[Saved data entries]
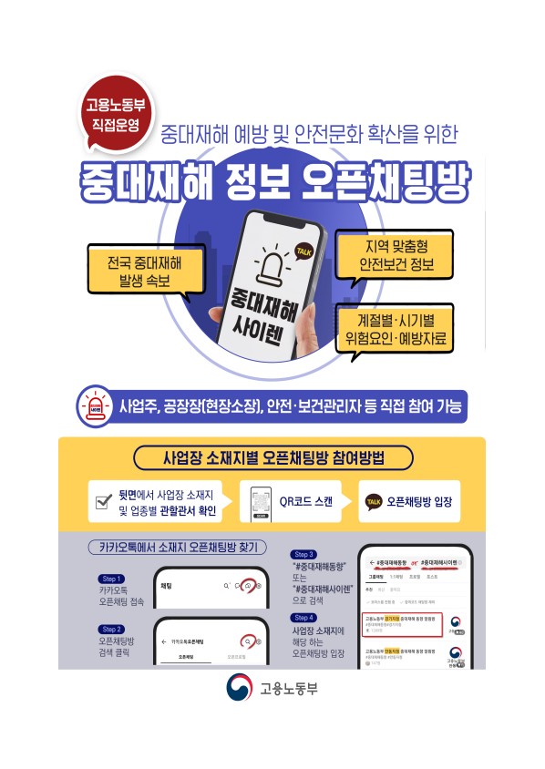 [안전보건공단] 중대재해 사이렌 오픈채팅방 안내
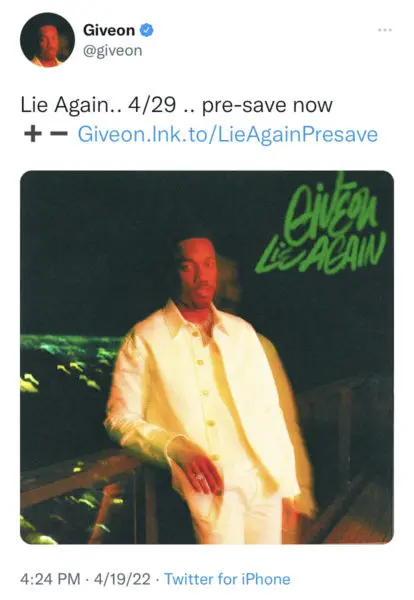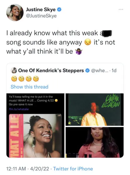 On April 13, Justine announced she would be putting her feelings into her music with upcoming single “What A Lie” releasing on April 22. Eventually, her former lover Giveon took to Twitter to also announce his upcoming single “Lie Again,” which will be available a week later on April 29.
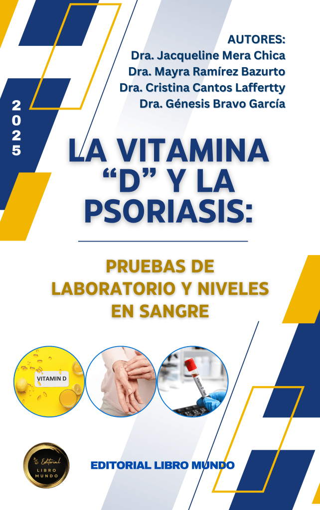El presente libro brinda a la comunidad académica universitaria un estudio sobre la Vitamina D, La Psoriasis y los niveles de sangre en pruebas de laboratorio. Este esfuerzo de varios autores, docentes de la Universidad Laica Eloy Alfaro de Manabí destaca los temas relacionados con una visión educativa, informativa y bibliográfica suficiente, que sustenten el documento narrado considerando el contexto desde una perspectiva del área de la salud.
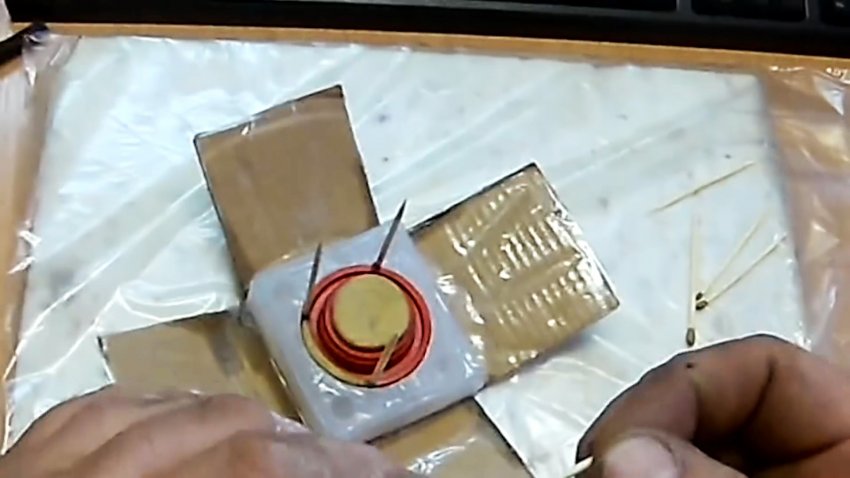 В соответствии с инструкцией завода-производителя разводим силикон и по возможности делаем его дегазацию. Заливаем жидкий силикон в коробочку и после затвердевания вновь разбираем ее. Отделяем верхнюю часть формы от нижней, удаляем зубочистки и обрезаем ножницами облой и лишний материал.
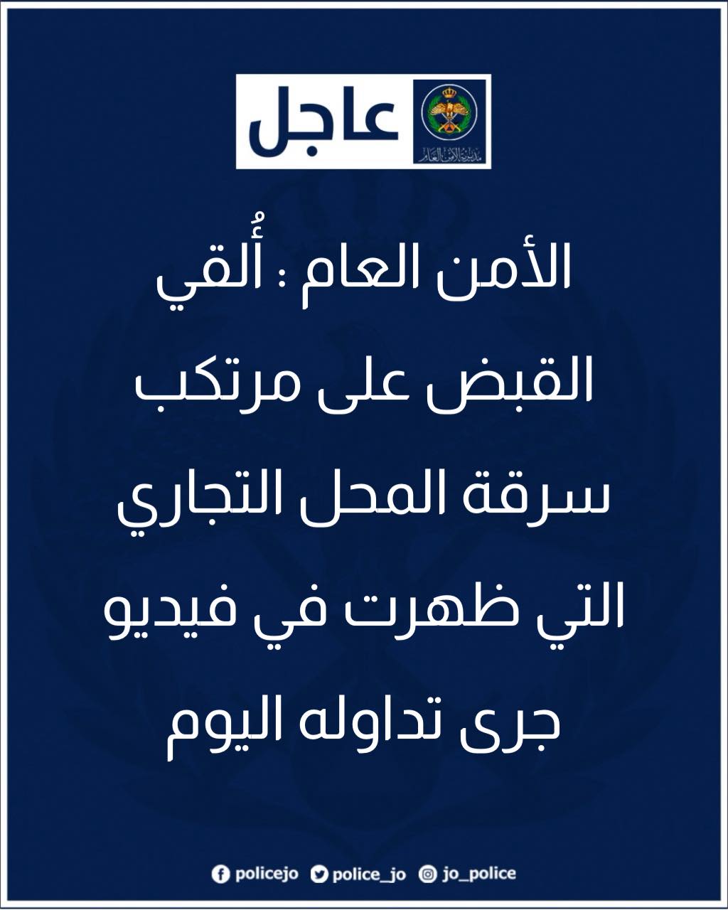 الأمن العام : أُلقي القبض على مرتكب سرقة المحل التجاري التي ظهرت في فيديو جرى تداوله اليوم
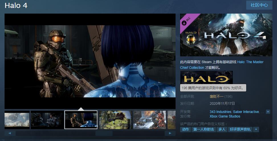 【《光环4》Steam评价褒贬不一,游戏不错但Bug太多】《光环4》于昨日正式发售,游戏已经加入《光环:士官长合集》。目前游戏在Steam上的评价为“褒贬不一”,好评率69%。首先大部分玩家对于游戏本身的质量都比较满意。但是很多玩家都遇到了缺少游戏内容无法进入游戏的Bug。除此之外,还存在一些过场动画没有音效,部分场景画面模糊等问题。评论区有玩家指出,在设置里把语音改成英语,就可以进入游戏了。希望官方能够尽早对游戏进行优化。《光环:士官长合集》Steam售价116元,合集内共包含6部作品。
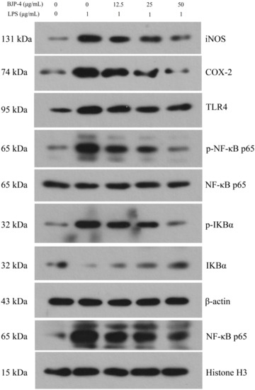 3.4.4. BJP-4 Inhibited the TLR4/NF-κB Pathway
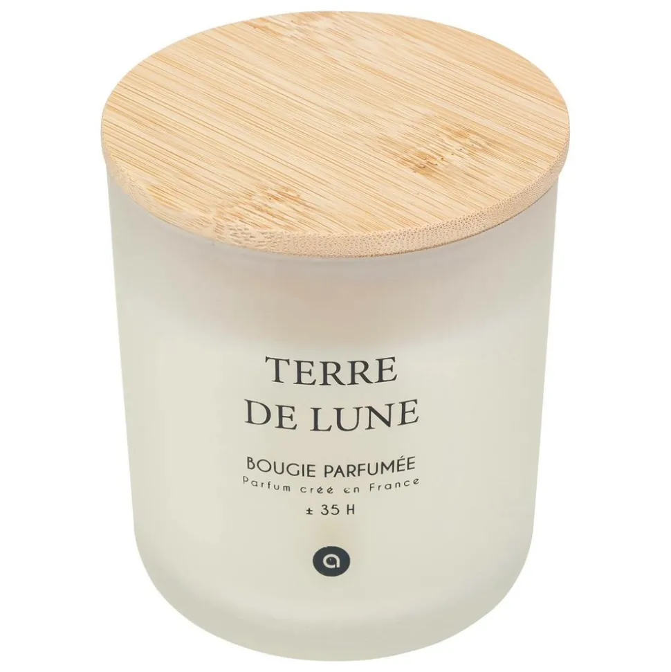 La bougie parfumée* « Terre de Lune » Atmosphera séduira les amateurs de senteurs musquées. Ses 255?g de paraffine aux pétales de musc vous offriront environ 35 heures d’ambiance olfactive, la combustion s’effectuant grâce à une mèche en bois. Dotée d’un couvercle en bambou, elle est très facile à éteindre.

§ **TASK TO COMPLETE**:
A word-for-word repetition of the data above, without pictures, is the expected answer.

§ **ANSWER SECTION**:
 [안전보건공단] 중대재해 사이렌 오픈채팅방 안내
 On April 13, Justine announced she would be putting her feelings into her music with upcoming single “What A Lie” releasing on April 22. Eventually, her former lover Giveon took to Twitter to also announce his upcoming single “Lie Again,” which will be available a week later on April 29.
El presente libro brinda a la comunidad académica universitaria un estudio sobre la Vitamina D, La Psoriasis y los niveles de sangre en pruebas de laboratorio. Este esfuerzo de varios autores, docentes de la Universidad Laica Eloy Alfaro de Manabí destaca los temas relacionados con una visión educativa, informativa y bibliográfica suficiente, que sustenten el documento narrado considerando el contexto desde una perspectiva del área de la salud.
 В соответствии с инструкцией завода-производителя разводим силикон и по возможности делаем его дегазацию. Заливаем жидкий силикон в коробочку и после затвердевания вновь разбираем ее. Отделяем верхнюю часть формы от нижней, удаляем зубочистки и обрезаем ножницами облой и лишний материал.
 الأمن العام : أُلقي القبض على مرتكب سرقة المحل التجاري التي ظهرت في فيديو جرى تداوله اليوم
 【《光环4》Steam评价褒贬不一,游戏不错但Bug太多】《光环4》于昨日正式发售,游戏已经加入《光环:士官长合集》。目前游戏在Steam上的评价为“褒贬不一”,好评率69%。首先大部分玩家对于游戏本身的质量都比较满意。但是很多玩家都遇到了缺少游戏内容无法进入游戏的Bug。除此之外,还存在一些过场动画没有音效,部分场景画面模糊等问题。评论区有玩家指出,在设置里把语音改成英语,就可以进入游戏了。希望官方能够尽早对游戏进行优化。《光环:士官长合集》Steam售价116元,合集内共包含6部作品。
 3.4.4. BJP-4 Inhibited the TLR4/NF-κB Pathway
 La bougie parfumée* « Terre de Lune » Atmosphera séduira les amateurs de senteurs musquées. Ses 255?g de paraffine aux pétales de musc vous offriront environ 35 heures d’ambiance olfactive, la combustion s’effectuant grâce à une mèche en bois. Dotée d’un couvercle en bambou, elle est très facile à éteindre.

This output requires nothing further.